PDA

View Full Version : Perl parse tab del file



daveli
December 3rd, 2009, 05:24 PM
Dear experts:

I canīt find information on how to remove a heading from a tab_del text file after having read it in a Perl script. An example will be something like:

head -10 mydata.txt

plate_number: 1123479
user: jpt
scanner: 13_A

Obs d1 d2 d3 d4
1 13 12 9 17
2 4 0 -2 15
3 12 9 9 15
4 14 7 9 14
5 9 11 8 14

Notice the heading made of three lines of text plus a white line. How can I get the data in the columns into variables to do some stats with them?

Thanks very much for your help!

dave

myrtle1908
December 4th, 2009, 12:06 AM
You can create a hash of arrays where each data row is an array in the hash.
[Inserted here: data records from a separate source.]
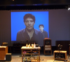Levons tout de suite un doute : l’artiste qui, sur la scène de la salle Topor, passe le balai, range son atelier et met en place ses différents dispositifs de création tout en écoutant les messages sur son répondeur ou monologuant en voix off, ce n’est pas Patrick Sorin, mais un acteur, Nicolas Sansier. Un double génial et confondant, une nouveauté dans l’oeuvre du vidéaste, qui a pour habitude de se dédoubler lui-même et jouer tous les personnages dans ses vidéos. C ‘est comme cela qu’on l’avait découvert, à Nantes, dans l’installation vidéo qui termine le parcours du musée du château des Ducs de Bretagne, où il retrace l’histoire de sa ville natale, de la traite négrière au Petit LU. Un Portrait de Ville documenté, poétique et burlesque où Pierrick Sorin incarne plus d’une cinquantaine de personnages.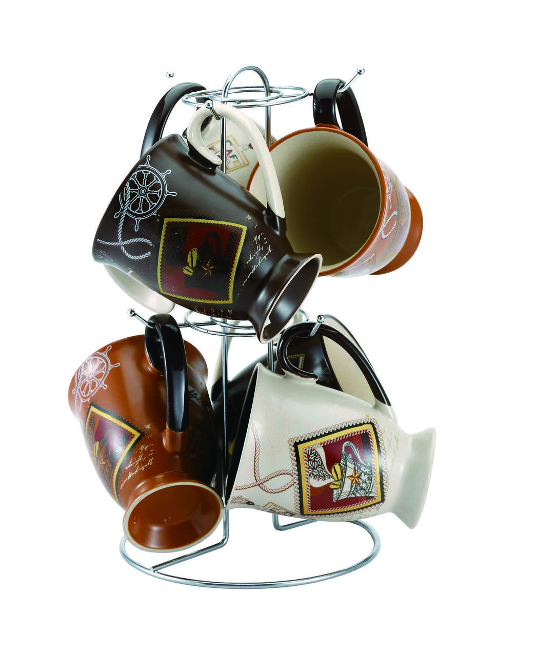 Набор кружек Wellberg WB 42020 из 7 пр.: 6 керамических кружек 280 мл на металлической подставке.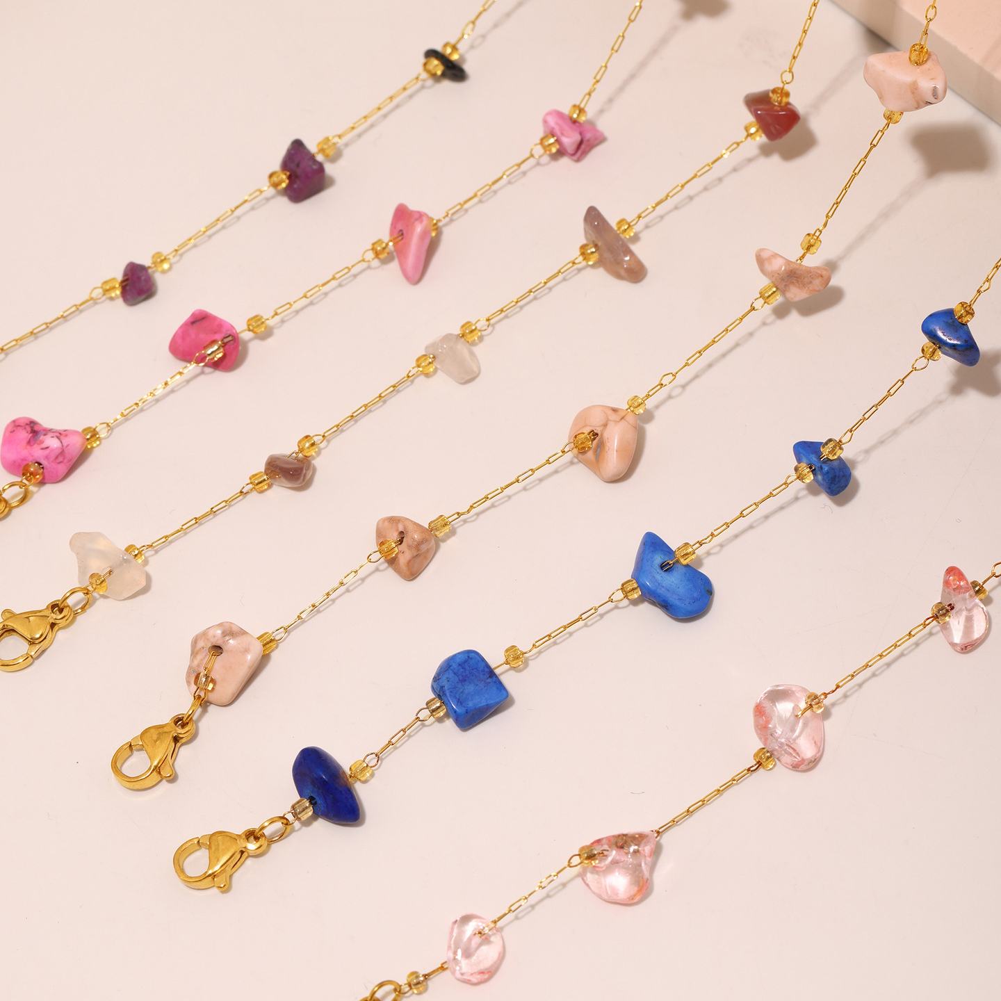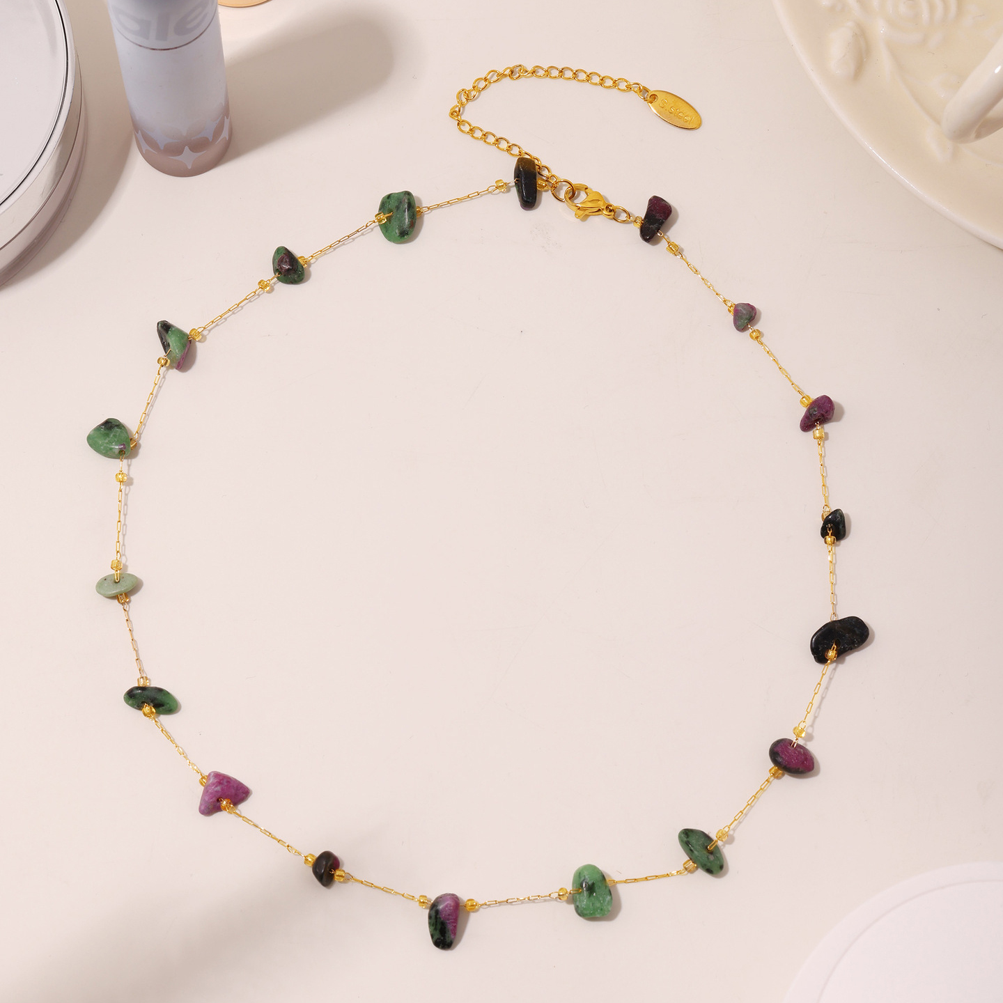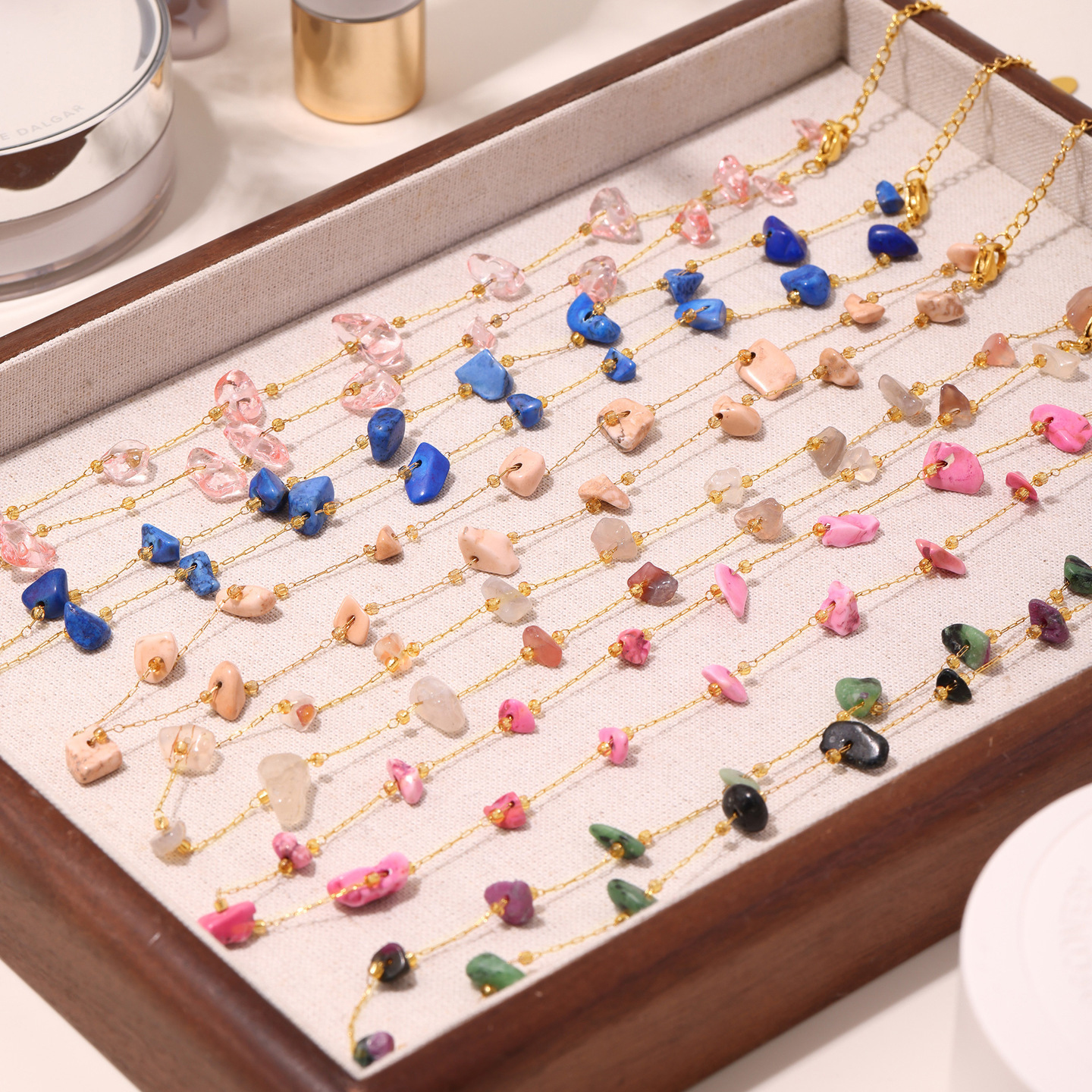 Gemstone Chip Necklaces, 304 Stainless Steel, with Natural Stone, gold color plated, fashion jewelry & for woman, more colors for choice, Sold By PC

There were no tabs in your data so I assumed space delimiter.


use strict;
use warnings;

my %dat;
while (<DATA>) {
next if $. < 5; # skip first 4 lines
next unless s/^(.*?)\s//; # grab the row number, i assumed this given it was incremental
$dat{$1} = [split]; # split remainder of line on space into an array
}

# do something with the data eg. print it
for my $row (sort keys %dat) {
print "Row $row: @{$dat{$row}}[0..3]\n";
}

__DATA__
plate_number: 1123479
user: jpt
scanner: 13_A

Obs d1 d2 d3 d4
1 13 12 9 17
2 4 0 -2 15
3 12 9 9 15
4 14 7 9 14
5 9 11 8 14

Yields



Row 1: 13 12 9 17
Row 2: 4 0 -2 15
Row 3: 12 9 9 15
Row 4: 14 7 9 14
Row 5: 9 11 8 14
Row Obs: d1 d2 d3 d4

You may not want the 'Obs' row in the data but you were not specific about this so it is there.

daveli
December 4th, 2009, 09:03 AM
Thanks a lot myrtle1908. Nearly there!
So that is a hash of arrays, right? I have to read into that deeper.
I get the idea of removing the heading, looking for the line of DATA that has 5 fields or columns (or more depending on the data). But then you store "rows" in the hash of arrays, and not "columns". That is my goal since I would like to do some statistics with the columns, for example mean(d1) or even see if d1 is statistically different from d4.

By the way, can you explain a bit further the substitution you make to get the row number? The Obs column is incremental this time, but it could be plain text, like names if it was a collection of data for patients for example.
next unless s/^(.*?)\s//

I would really appreciate your help here.

Best

ghostdog74
December 4th, 2009, 11:07 AM
since your header is always before the first blank line,



#!/usr/bin/perl
while(<>){
if ( $_=~ /^$/ ){ $f=1 ;next}
print if $f ;
}

myrtle1908
December 4th, 2009, 12:45 PM
I would like to do some statistics with the columns, for example mean(d1) or even see if d1 is statistically different from d4.

Given your data is basic tabular/csv I would use the DBD::CSV module. It allows you to query the data with SQL. Fairly certain the Perl SQL::Statement module supports some math functions although it has been a while since I got my hands dirty with this.

http://search.cpan.org/~hmbrand/DBD-CSV-0.26/lib/DBD/CSV.pm


By the way, can you explain a bit further the substitution you make to get the row number? The Obs column is incremental this time, but it could be plain text, like names if it was a collection of data for patients for example.
next unless s/^(.*?)\s//

Here we are simply grabbing (then removing) everything up until the first space character and using the resulting match ($1) as the hash key eg. 'Obs', '1', '2' etc.